= WHAT YOU HAVE TO DO =
Every line below between the one holding "Dress by Rick Owens" and the one holding "SOFT STYLE FLOWING", inclusive, should be copied exactly, and no other line.

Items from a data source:
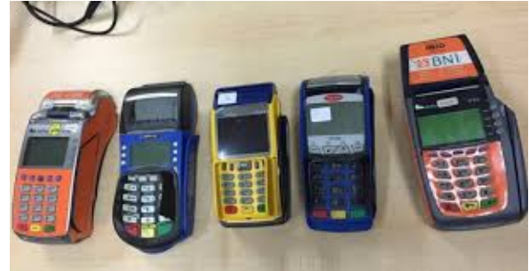
Figure 1 EDC machine

The use of EDC and personal agents by sharia banks to increase actual transactions is in line with Branchless Banking policies launched by Bank Indonesia. It is done to improve banking services beyond the conventional form of banks in order to serve unbankable people who are not served for some reason by the Bank.
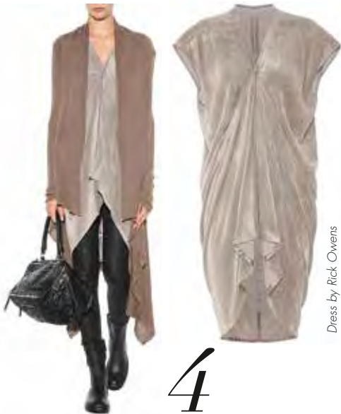
Dress by Rick Owens

SOFT STYLE FLOWING SILK AND VELVET IN DELICATE ROSE. MORE FEMININE THAN EVER! IN ADDITION TO BRIGHT GEMSTONE COLOURS, PRINTS AND EMBROIDERY, PASTEL SHADES ARE A HIGHLIGHT OF THIS VELVETY SOFT FASHION. AND WHOEVER FINDS THIS TOO GIRLY CAN CASUALLY BALANCE IT OUT WITH THE CONTRASTING COLOUR BLACK.
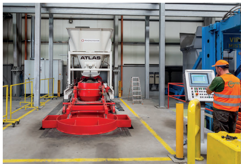
The Atlas - flexible manufacturing plant for the production of manhole products
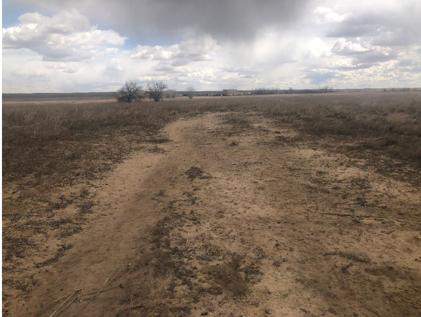
Bare ground in Area 37

= REPLY TO THE EXERCISE =
Dress by Rick Owens

SOFT STYLE FLOWING SILK AND VELVET IN DELICATE ROSE. MORE FEMININE THAN EVER! IN ADDITION TO BRIGHT GEMSTONE COLOURS, PRINTS AND EMBROIDERY, PASTEL SHADES ARE A HIGHLIGHT OF THIS VELVETY SOFT FASHION. AND WHOEVER FINDS THIS TOO GIRLY CAN CASUALLY BALANCE IT OUT WITH THE CONTRASTING COLOUR BLACK.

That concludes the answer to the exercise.